The issue did not trigger standard resource alerts. CPU utilization remained nominal. Memory consumption was stable. The anomaly was identified solely due to the accumulation of .lock files in the /wp-content/uploads/elementor/css/ directory, which eventually caused subsequent deployment pipelines to halt due to permission conflicts during asset synchronization.
Initial Process State Analysis
I connected to the node and listed the accumulated lock files to determine the scope of the blocked operations.
find /var/www/html/wp-content/uploads/elementor/css/ -type f -name "*.lock" -ls
Output:
3491028 4 -rw-r--r-- 1 www-data www-data 0 Nov 12 02:00 /var/www/html/wp-content/uploads/elementor/css/post-12.css.lock
3491035 4 -rw-r--r-- 1 www-data www-data 0 Nov 13 02:00 /var/www/html/wp-content/uploads/elementor/css/post-45.css.lock
3491088 4 -rw-r--r-- 1 www-data www-data 0 Nov 14 02:00 /var/www/html/wp-content/uploads/elementor/css/global.css.lock
The timestamps corresponded precisely with the daily execution of a WP-CLI command invoked via standard cron:
0 2 * * * cd /var/www/html && wp elementor flush_css --quiet
I checked the process table for any lingering wp commands.
ps -eo pid,ppid,user,stat,start,time,cmd | grep "wp elementor"
Output:
10291 1 www-data S Nov 12 00:00:01 php /usr/local/bin/wp elementor flush_css --quiet
18492 1 www-data S Nov 13 00:00:01 php /usr/local/bin/wp elementor flush_css --quiet
27104 1 www-data S Nov 14 00:00:01 php /usr/local/bin/wp elementor flush_css --quiet
The processes were in the S (Interruptible Sleep) state. They were detached from their original parent (PPID 1, systemd), indicating the original cron execution shell had timed out or terminated, but the PHP binaries were still waiting on a system call.
To identify the exact system call, I inspected the file descriptors held by the oldest process (PID 10291).
lsof -p 10291
Excerpt of output:
COMMAND PID USER FD TYPE DEVICE SIZE/OFF NODE NAME
...
php 10291 www-data 0r CHR 1,3 0t0 1028 /dev/null
php 10291 www-data 1w CHR 1,3 0t0 1028 /dev/null
php 10291 www-data 2w CHR 1,3 0t0 1028 /dev/null
php 10291 www-data 3r DIR 0,43 4096 3491000 /var/www/html/wp-content/uploads/elementor/css
php 10291 www-data 4w REG 0,43 0 3491028 /var/www/html/wp-content/uploads/elementor/css/post-12.css.lock
File descriptor 4 (FD 4w) was holding a write lock on post-12.css.lock.

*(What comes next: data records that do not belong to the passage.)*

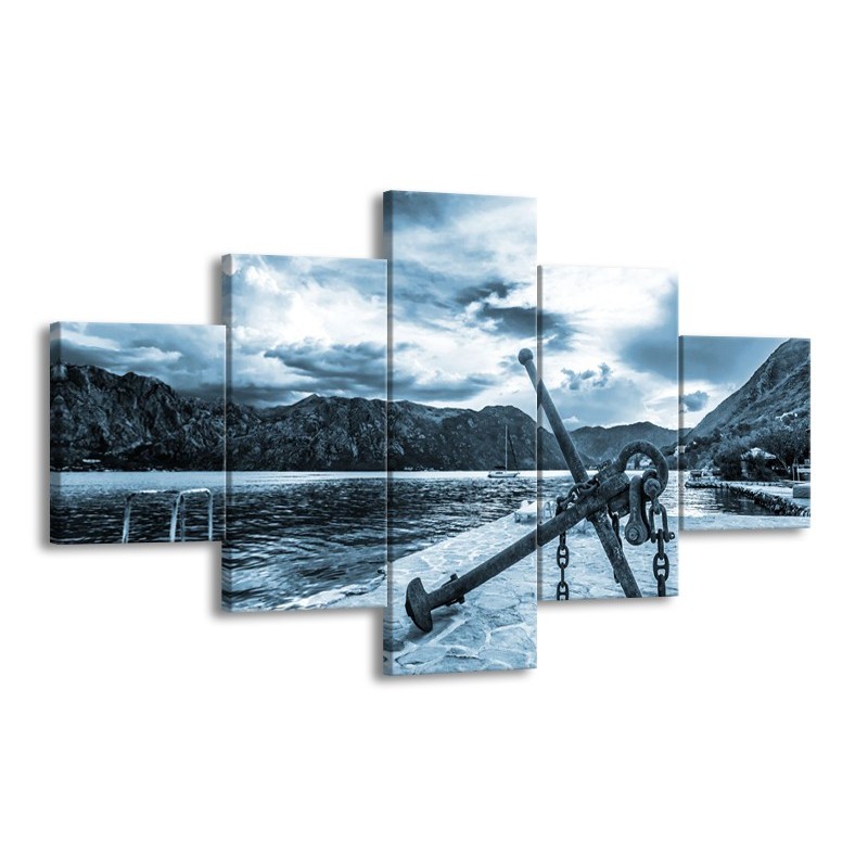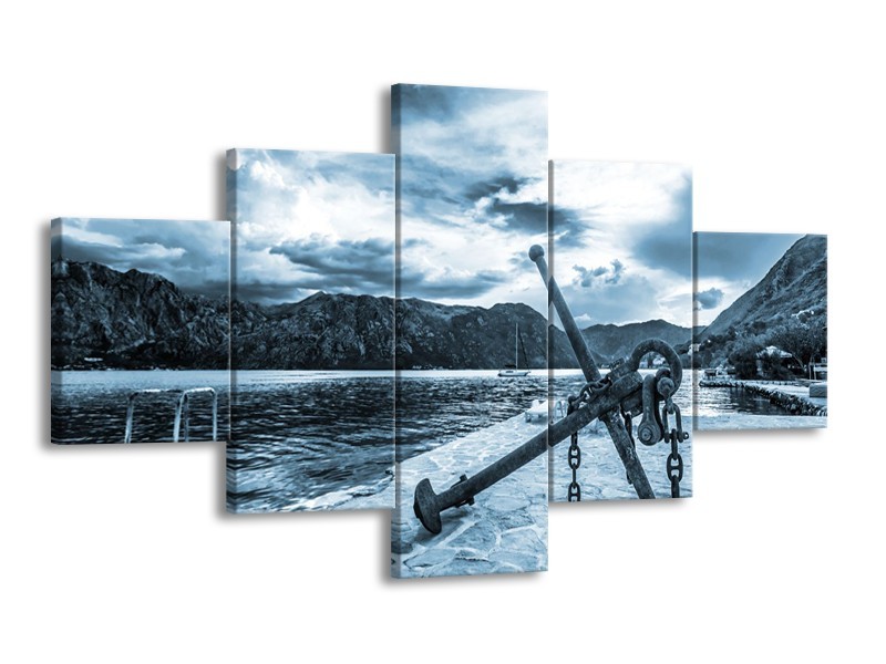 Canvas Schilderij Anker | Blauw, Grijs | 125x70cm 5Luik
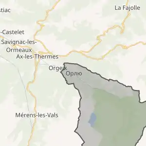 - Розташування муніципалітету Орлю на мапі Франції та сусідні муніципалітети
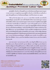 ศูนย์ปฏิบัติการป้องกันการค้ามนุษย์ด้านแรงงานจังหวัดพระนครศรีอยุธยา ออกตรวจบูรณาการสถานประกอบการกลุ่มเสี่ยงตามแผนปฏิบัติการป้องกันการบังคับใช้แรงงานหรือบริการและการค้ามนุษย์ด้านแรงงาน

Tracing the Kernel Execution Path
I pulled the kernel stack trace for the sleeping process to determine where in the kernel space the thread was blocked.
cat /proc/10291/stack
Output:
[<0>] nfs_wait_bit_killable+0x1e/0x90 [nfs]
[<0>] nfs4_proc_setlk+0x12a/0x180 [nfsv4]

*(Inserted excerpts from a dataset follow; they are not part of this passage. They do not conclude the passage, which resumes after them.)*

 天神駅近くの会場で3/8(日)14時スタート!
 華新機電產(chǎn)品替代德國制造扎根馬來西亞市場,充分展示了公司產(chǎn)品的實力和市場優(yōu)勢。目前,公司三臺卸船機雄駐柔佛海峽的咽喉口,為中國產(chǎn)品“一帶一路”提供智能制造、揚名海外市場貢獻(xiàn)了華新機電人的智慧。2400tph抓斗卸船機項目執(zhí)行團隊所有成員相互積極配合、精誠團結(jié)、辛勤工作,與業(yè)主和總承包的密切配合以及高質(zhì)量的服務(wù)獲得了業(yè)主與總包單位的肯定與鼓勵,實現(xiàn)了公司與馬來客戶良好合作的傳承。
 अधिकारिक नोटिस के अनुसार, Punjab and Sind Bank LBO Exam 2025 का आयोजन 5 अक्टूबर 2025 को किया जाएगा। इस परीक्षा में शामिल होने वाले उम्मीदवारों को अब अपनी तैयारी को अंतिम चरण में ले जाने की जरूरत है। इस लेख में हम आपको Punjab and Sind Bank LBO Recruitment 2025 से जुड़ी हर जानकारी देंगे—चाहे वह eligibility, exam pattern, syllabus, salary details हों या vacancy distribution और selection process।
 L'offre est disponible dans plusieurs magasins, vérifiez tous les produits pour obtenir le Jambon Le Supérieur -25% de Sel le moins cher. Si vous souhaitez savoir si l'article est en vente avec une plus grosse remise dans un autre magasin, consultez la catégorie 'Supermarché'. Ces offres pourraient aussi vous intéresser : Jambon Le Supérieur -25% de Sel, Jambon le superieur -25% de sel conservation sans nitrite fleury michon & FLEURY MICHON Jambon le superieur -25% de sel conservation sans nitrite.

[<0>] nfs_flock+0x8f/0xd0 [nfs]
[<0>] locks_lock_inode_wait+0x5a/0x1a0
[<0>] do_fcntl+0x2f1/0x650
[<0>] __x64_sys_fcntl+0x80/0xd0
[<0>] do_syscall_64+0x5c/0x90
[<0>] entry_SYSCALL_64_after_hwframe+0x63/0xcd
The stack trace isolated the issue. The PHP process executed a fcntl() system call to acquire a POSIX file lock (flock() in PHP userland often translates to fcntl(F_SETLKW) depending on Zend Engine implementation). The file system /var/www/html/wp-content/uploads is an NFSv4 mount. The kernel delegated the lock request to the NFS client module (nfs_flock), which communicated with the NFSv4 server via nfs4_proc_setlk.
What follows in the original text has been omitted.